The estuarine whiting's body and head are sandy to light olive above with a silvery side and a whitish belly. The head has a deeper golden tinge, as do parts of the silvery sides, which do not have a distinct lateral silver band. The eye has a silver iris and a golden outer surface, while the snout has a dusky tinge. The opercle is also dark yellow to golden. The spinous dorsal fin is hyaline with the tips of the membranes dusky and blotched with fine dusted black spots. The second dorsal fin is hyaline to pale white with 5 to 7 rows of blackish spots, giving a vague appearance of lateral bands. The anal fin is also hyaline to milky white with white or yellow tips. The pectoral fin base is golden yellow, the ventral is white with a yellowish tip and the caudal fin is hyaline to dusky.

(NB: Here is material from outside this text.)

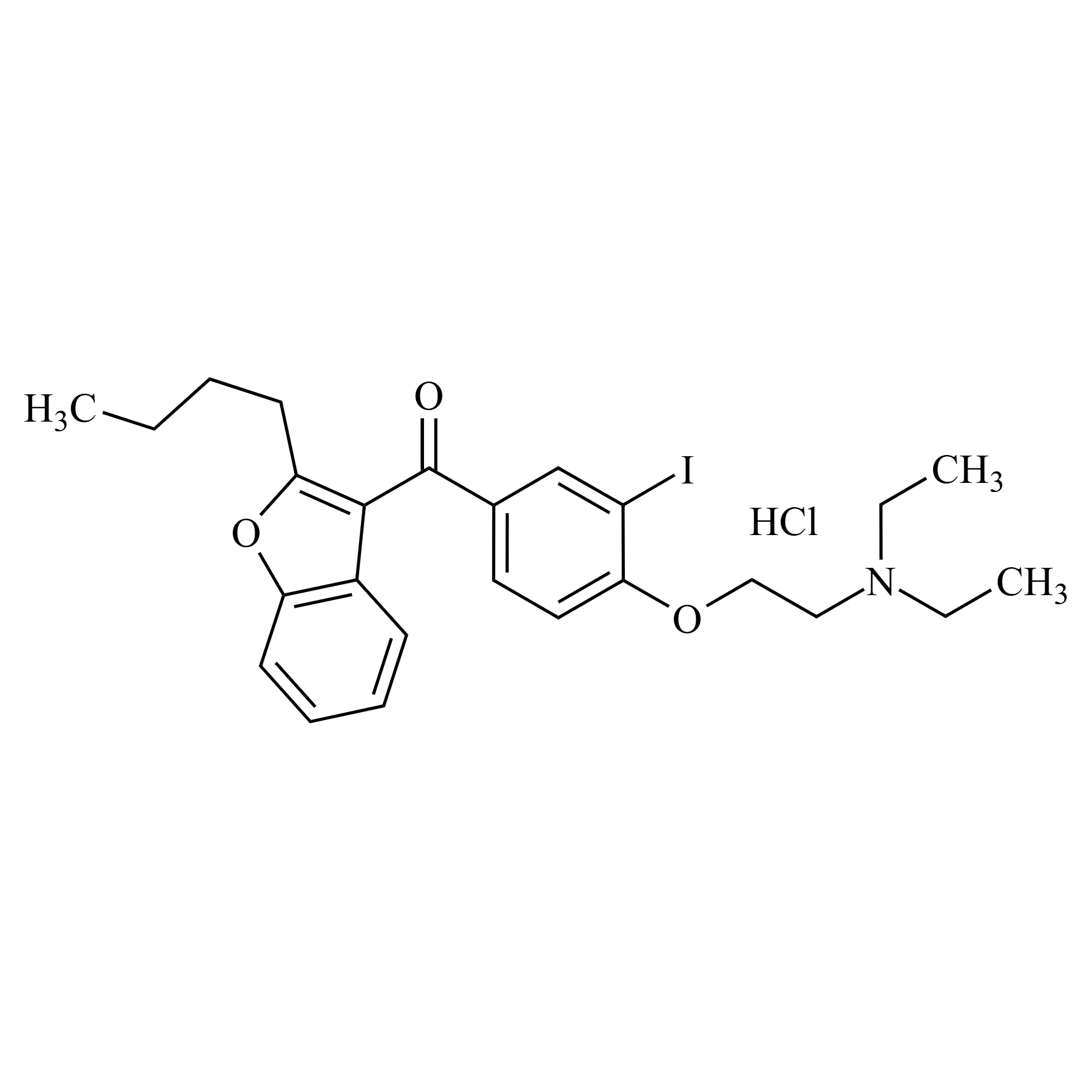Synonyms: Amiodarone Imp. C (EP), (2-Butylbenzofuran-3-yl)[4-[2-(diethylamino)ethoxy]-3-iodo-phenyl]methanone Hydrochloride, Amiodarone Hydrochloride Imp. C (EP) as Hydrochloride, Amiodarone Hydrochloride Impurity C as Hydrochloride, Amiodarone Impurity C as Hydrochloride,(2-Butylbenzofuran-3-yl)[4-[2-(diethylamino)ethoxy]-3-iodophenyl]methanone Hydrochloride, Amiodarone Hydrochloride Imp. C (EP)

== Distribution and habitat ==
The estuarine whiting is distributed on both the eastern and western coasts of India, with an apparent break in its range on the southern tip of India. This would suggest there are two separate populations, but it is possible the fish has just not been identified correctly in this region. The species occurs in shallow inshore waters between 0 and 10 m deep, usually frequenting estuaries with muddy substrates. Estuarine whiting have also been known to form schools with northern whiting in these environments, adding to identification problems.

== Biology and fishery ==
The biology and ecology of the species is relatively unknown, with only two studies concentrated on estuarine whiting. In his description of S. vincenti, McKay noted that egg bearing females of 25 to 28 cm in length were present in January and February, suggesting this to be at least part of the spawning period. The second study was an investigation into the species diet, and was presented at the First Indian Fisheries Forum held in 1987. The publication of this meeting's proceedings is somewhat rare outside of India and thus can not be commented on at the present.

Estuarine whiting, along with other common sillaginids, are locally important to fisheries in India. Fishermen often catch the species in the upper reaches of estuaries, making it important in many communities situated in deltaic regions of India. The species is recognized as having considerable potential for aquaculture in impoundments and tidal ponds, with a reported rapid growth rate.